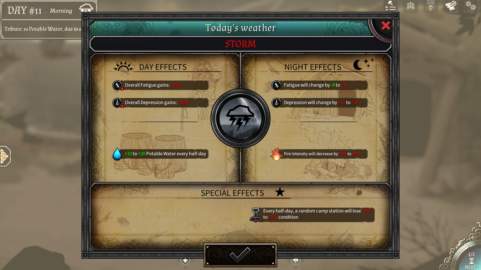 Là où Dead in Vinland fait fort, c’est sur la matérialisation de la météo et ses conséquences. La pluie vous ramènera de l’eau potable et non potable en quantité mais fera déprimer votre groupe et consommera votre feu plus rapidement. A l’inverse, un grand soleil sera bon pour la santé mentale mais vos personnages auront chaud et soif. Je n’ose imaginer ce qu’il se passera quand la sécheresse ou une tempête s’abattra sur votre camp…
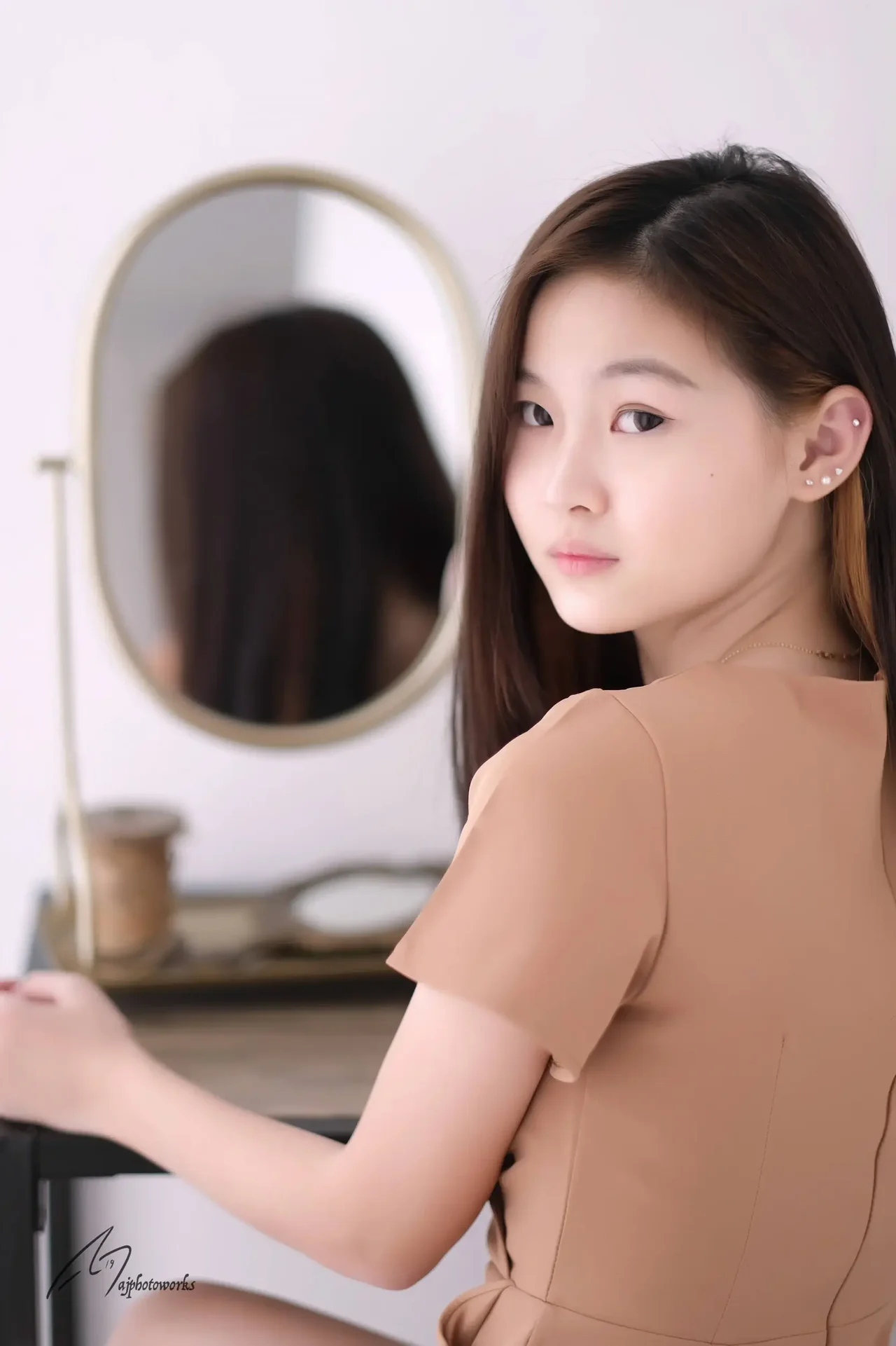 Elegant simplicity in a peach-toned dress, blending minimalist studio aesthetics with soft lighting and refined accessories.
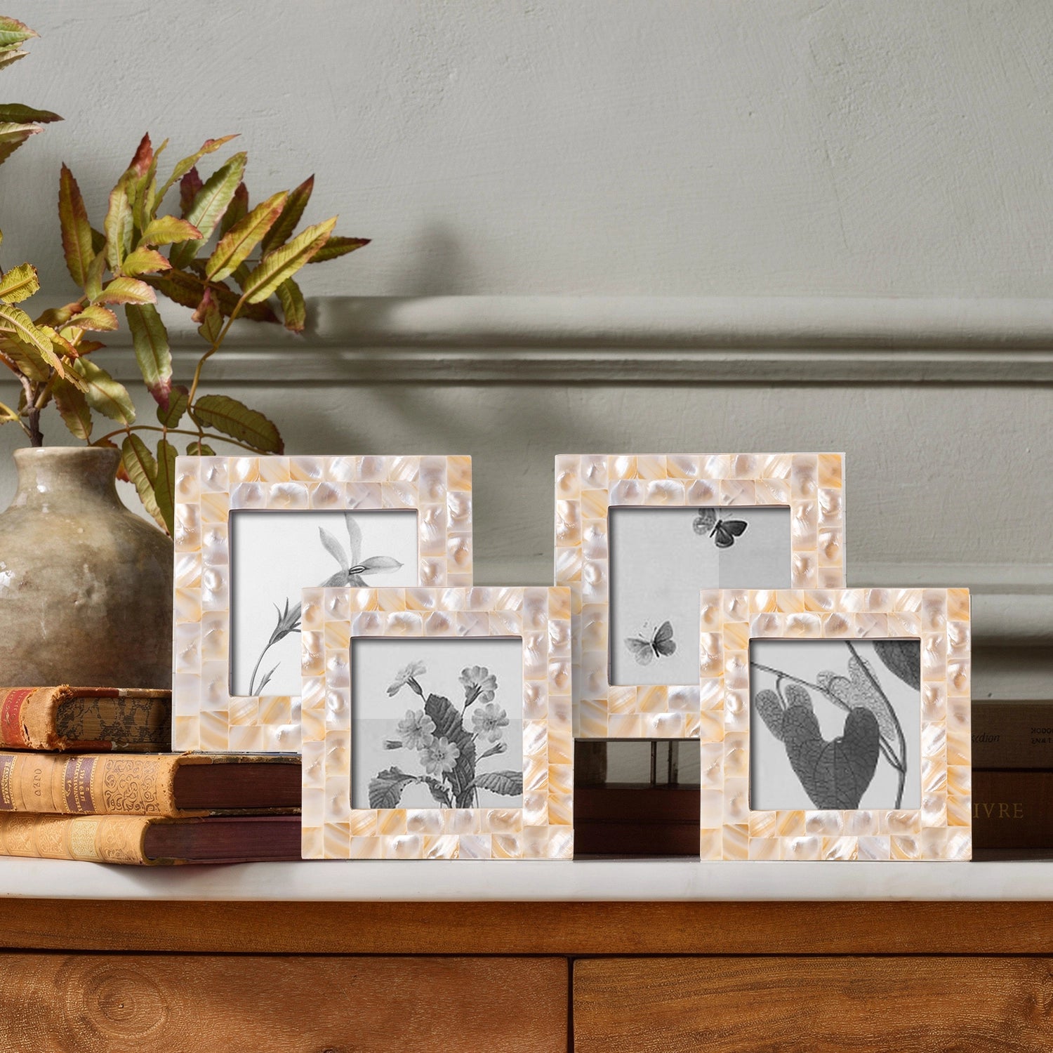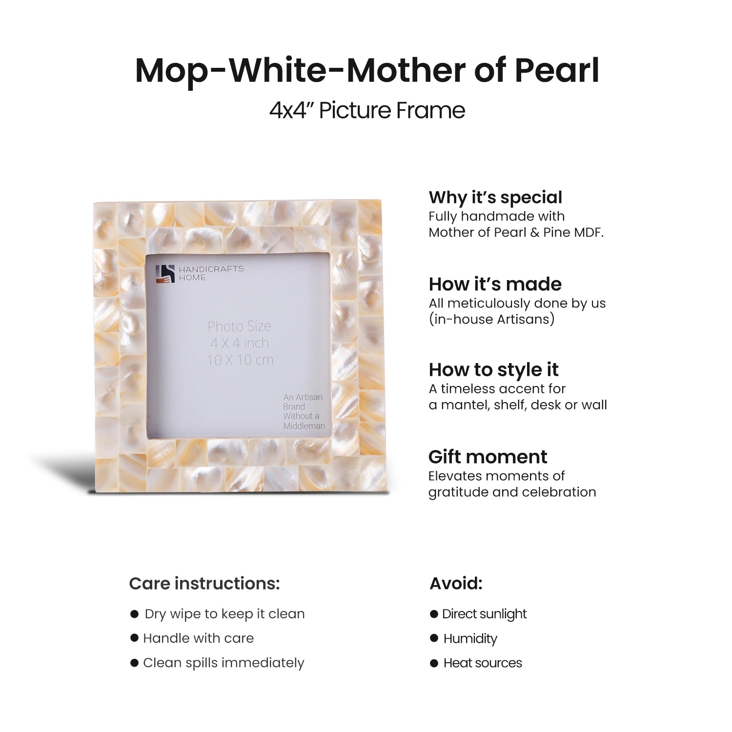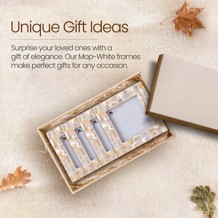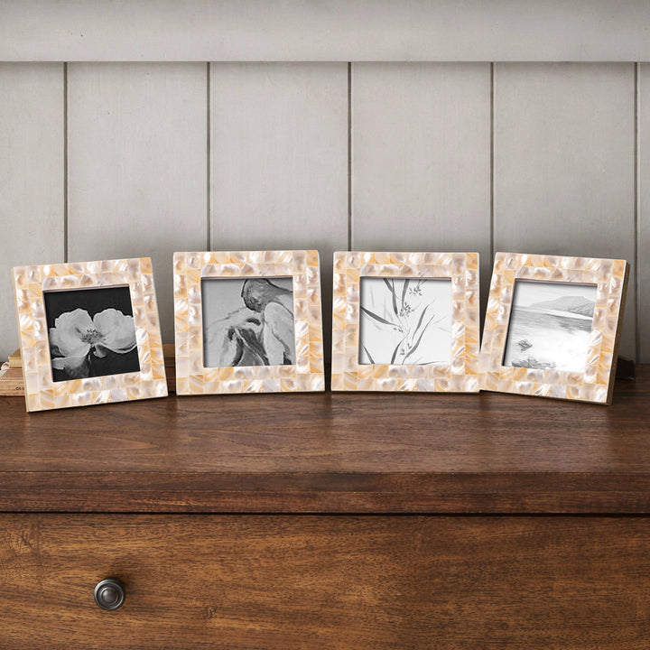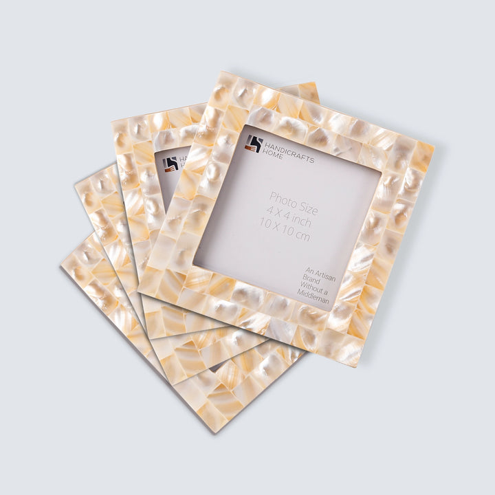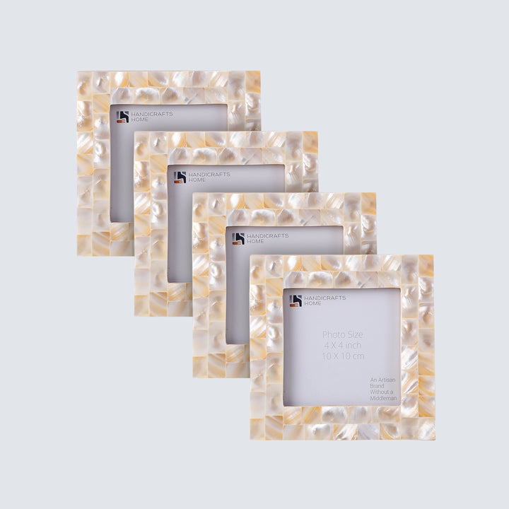 Square Baby Picture Frames Mother of Pearl 4"x4" , White

* **Assignment**
Your task is to quote exactly the lines from the one with "Elegant simplicity in" through the end of the material, both included, without reproducing any pictures.

* **Solution for this problem**
 Elegant simplicity in a peach-toned dress, blending minimalist studio aesthetics with soft lighting and refined accessories.
 Square Baby Picture Frames Mother of Pearl 4"x4" , White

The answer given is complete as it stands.